* Stored items from a collection
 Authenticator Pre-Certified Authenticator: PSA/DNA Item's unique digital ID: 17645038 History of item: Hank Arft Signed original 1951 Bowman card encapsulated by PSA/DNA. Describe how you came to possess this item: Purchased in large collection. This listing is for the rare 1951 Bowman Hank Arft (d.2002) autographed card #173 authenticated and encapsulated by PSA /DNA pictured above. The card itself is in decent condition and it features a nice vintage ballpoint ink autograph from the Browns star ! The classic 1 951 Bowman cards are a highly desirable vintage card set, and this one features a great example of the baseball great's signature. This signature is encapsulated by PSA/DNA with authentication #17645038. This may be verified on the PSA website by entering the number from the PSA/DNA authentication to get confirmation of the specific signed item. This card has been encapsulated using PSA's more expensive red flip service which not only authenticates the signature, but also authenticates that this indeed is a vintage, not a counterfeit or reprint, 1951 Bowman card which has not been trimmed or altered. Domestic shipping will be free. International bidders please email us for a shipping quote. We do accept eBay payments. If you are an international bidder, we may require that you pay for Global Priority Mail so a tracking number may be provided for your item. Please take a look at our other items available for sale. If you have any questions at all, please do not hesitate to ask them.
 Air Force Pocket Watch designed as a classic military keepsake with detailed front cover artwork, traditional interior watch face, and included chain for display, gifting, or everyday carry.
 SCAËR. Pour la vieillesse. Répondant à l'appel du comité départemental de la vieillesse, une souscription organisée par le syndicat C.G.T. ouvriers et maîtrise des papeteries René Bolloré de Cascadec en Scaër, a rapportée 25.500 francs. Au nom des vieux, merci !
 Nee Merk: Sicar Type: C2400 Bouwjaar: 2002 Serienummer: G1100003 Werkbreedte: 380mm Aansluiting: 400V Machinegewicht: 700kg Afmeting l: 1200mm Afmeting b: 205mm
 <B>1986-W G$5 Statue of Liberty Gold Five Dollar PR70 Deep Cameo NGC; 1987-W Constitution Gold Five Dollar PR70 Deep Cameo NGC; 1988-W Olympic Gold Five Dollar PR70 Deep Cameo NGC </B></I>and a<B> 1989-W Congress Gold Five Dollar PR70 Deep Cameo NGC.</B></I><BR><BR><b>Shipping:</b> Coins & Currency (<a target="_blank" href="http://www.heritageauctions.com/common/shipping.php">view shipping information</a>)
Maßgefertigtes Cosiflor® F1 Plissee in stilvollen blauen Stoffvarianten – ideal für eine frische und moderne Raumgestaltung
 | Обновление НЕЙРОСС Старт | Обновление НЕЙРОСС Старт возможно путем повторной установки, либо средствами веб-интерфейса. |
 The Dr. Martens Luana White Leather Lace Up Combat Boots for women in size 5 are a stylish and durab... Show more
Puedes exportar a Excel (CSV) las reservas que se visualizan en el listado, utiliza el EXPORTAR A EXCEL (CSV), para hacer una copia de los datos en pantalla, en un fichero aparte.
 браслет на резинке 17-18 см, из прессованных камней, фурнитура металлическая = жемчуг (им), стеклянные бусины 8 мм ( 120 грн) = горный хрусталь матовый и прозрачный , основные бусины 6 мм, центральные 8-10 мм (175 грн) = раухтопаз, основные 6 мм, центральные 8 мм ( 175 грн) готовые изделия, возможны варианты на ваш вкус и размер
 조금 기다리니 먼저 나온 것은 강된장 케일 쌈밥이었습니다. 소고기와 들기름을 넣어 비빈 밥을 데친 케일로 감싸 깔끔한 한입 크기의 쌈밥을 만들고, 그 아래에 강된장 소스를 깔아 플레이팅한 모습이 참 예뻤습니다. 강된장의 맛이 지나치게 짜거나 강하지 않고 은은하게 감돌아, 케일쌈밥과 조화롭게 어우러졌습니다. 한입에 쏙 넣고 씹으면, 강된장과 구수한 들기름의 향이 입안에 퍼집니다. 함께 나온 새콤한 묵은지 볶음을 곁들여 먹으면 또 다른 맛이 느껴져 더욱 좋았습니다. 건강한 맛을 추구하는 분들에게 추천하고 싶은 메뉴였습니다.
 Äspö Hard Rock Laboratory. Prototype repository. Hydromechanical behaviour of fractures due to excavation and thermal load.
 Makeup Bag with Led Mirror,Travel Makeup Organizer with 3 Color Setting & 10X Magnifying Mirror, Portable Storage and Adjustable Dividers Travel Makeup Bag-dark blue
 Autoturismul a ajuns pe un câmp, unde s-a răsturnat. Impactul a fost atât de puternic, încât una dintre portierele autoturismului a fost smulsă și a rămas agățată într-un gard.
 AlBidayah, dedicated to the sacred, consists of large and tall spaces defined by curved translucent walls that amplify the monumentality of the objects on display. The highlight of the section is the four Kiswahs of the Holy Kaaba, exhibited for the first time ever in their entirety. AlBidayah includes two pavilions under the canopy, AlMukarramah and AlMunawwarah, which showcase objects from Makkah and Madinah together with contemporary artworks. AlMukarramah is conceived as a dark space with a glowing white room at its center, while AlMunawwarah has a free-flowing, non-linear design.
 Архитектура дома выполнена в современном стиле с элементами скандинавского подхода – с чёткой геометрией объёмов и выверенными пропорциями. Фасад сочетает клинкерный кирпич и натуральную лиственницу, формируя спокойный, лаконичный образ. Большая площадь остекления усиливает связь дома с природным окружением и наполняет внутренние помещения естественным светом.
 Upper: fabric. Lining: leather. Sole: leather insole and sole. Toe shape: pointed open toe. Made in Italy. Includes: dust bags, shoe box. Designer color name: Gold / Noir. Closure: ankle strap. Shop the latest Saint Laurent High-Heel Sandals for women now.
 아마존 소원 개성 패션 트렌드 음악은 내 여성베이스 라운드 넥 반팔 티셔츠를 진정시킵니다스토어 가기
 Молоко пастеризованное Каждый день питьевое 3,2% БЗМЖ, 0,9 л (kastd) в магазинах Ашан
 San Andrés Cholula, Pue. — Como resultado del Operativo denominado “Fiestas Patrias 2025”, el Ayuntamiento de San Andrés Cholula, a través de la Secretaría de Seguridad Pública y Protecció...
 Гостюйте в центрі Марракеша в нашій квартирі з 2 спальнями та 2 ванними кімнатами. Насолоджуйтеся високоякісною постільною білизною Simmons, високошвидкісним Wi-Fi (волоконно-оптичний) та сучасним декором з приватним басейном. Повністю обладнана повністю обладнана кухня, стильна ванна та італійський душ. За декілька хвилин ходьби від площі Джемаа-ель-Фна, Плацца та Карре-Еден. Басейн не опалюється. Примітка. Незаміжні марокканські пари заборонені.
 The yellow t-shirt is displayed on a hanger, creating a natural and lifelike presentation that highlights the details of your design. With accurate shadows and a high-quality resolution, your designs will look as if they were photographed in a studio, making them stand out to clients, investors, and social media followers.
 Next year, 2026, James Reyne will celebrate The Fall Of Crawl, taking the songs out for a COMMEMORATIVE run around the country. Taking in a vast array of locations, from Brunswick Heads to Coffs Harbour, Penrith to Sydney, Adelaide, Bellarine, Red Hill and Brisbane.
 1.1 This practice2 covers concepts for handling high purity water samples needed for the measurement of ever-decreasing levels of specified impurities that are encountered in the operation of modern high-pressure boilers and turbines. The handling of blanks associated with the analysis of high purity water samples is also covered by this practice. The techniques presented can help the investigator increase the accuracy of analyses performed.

* EXERCISE DIRECTIONS
An exact copy of the lines above between the line holding "Upper: fabric. Lining: leather." and the line holding "San Andrés Cholula, Pue.", inclusive, is the whole answer.

* YOUR SOLUTION
 Upper: fabric. Lining: leather. Sole: leather insole and sole. Toe shape: pointed open toe. Made in Italy. Includes: dust bags, shoe box. Designer color name: Gold / Noir. Closure: ankle strap. Shop the latest Saint Laurent High-Heel Sandals for women now.
 아마존 소원 개성 패션 트렌드 음악은 내 여성베이스 라운드 넥 반팔 티셔츠를 진정시킵니다스토어 가기
 Молоко пастеризованное Каждый день питьевое 3,2% БЗМЖ, 0,9 л (kastd) в магазинах Ашан
 San Andrés Cholula, Pue. — Como resultado del Operativo denominado “Fiestas Patrias 2025”, el Ayuntamiento de San Andrés Cholula, a través de la Secretaría de Seguridad Pública y Protecció...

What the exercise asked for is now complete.